■ Data listing
# # # #

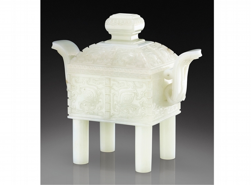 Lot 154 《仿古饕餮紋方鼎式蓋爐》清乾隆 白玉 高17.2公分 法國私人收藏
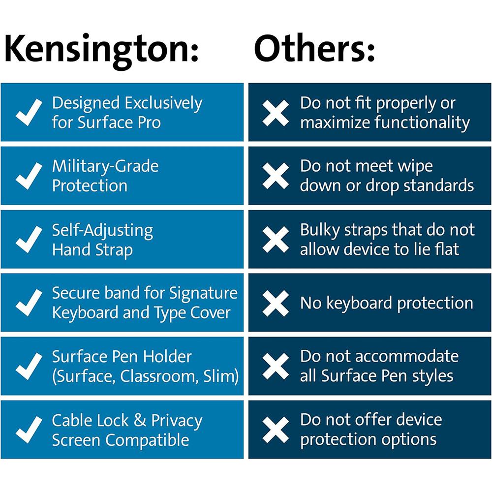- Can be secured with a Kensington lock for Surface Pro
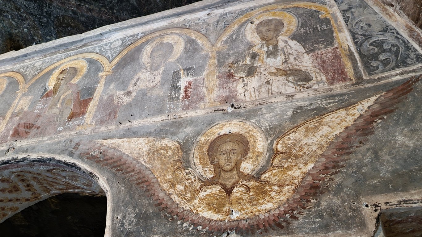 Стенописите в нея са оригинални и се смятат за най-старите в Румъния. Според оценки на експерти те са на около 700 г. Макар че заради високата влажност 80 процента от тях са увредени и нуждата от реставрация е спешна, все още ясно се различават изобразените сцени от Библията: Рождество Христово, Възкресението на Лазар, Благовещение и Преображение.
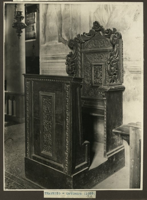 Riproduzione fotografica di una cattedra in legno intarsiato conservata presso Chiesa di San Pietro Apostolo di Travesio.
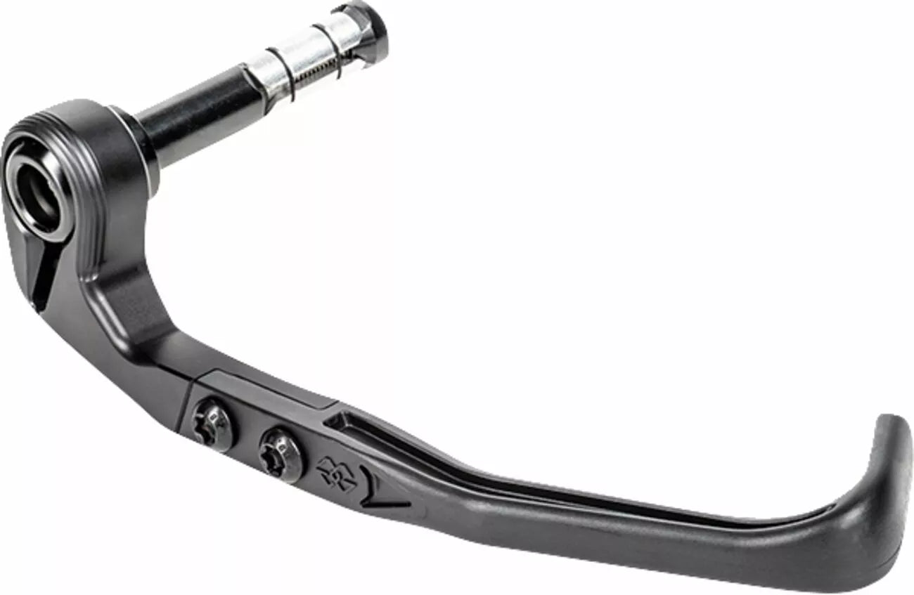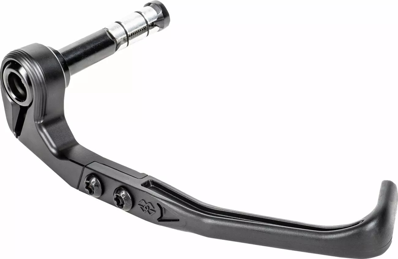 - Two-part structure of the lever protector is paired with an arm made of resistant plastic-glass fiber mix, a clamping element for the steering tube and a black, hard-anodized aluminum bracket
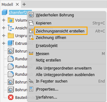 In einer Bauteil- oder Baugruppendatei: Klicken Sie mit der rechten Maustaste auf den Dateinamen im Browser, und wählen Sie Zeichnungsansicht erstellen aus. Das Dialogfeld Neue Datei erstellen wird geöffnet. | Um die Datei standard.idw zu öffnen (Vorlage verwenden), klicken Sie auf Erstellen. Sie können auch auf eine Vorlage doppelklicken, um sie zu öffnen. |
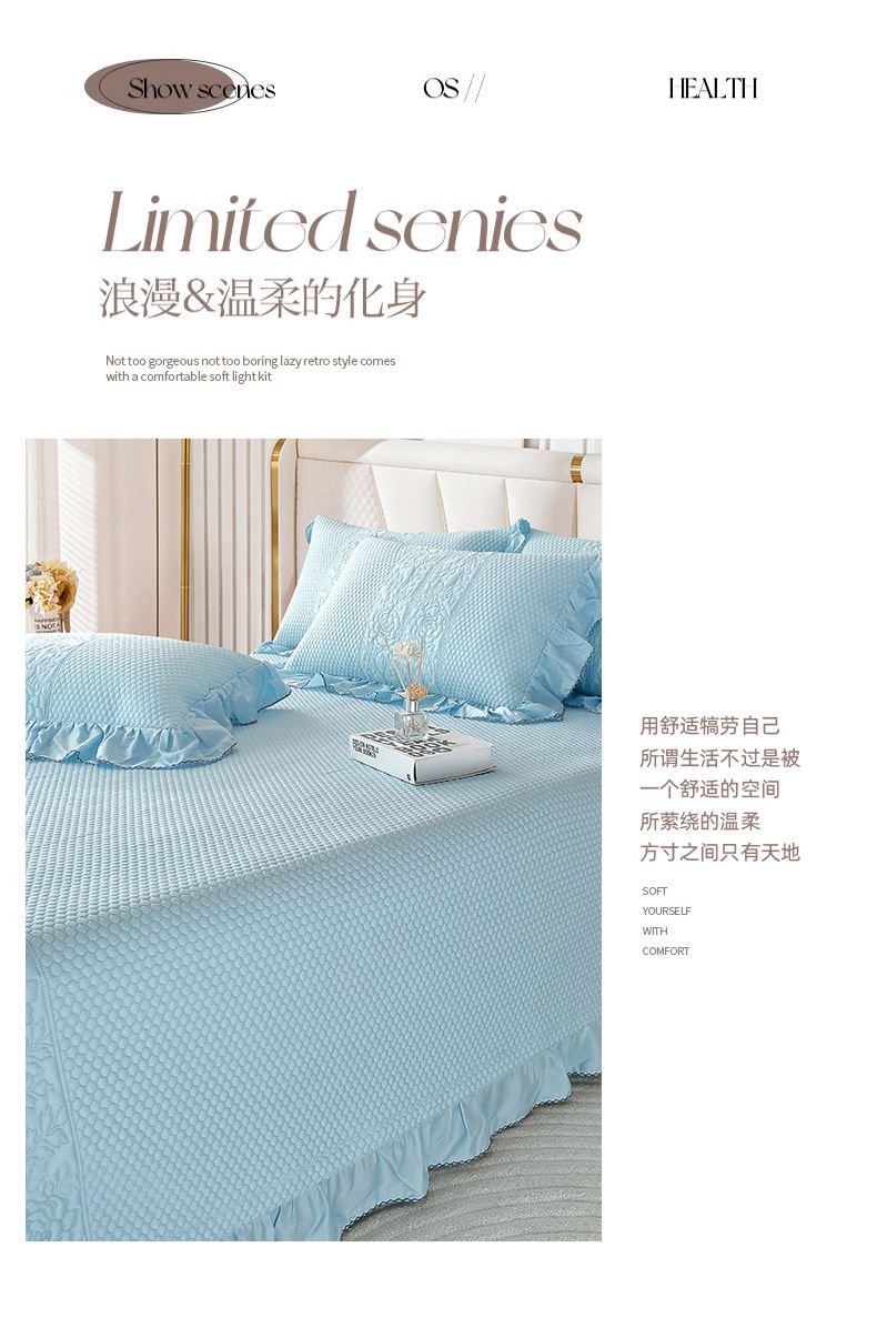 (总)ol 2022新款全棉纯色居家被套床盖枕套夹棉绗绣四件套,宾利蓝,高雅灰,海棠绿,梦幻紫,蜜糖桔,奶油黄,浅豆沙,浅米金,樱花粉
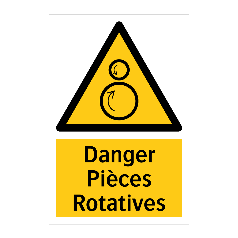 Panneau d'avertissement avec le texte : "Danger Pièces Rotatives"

# # # #

■ Exercise goal
Pictures are to be left out when the lines from the one containing "(总)ol 2022新款全棉" through the end of the records above are repeated exactly; no other line is wanted.

■ Answer below
 (总)ol 2022新款全棉纯色居家被套床盖枕套夹棉绗绣四件套,宾利蓝,高雅灰,海棠绿,梦幻紫,蜜糖桔,奶油黄,浅豆沙,浅米金,樱花粉
 Panneau d'avertissement avec le texte : "Danger Pièces Rotatives"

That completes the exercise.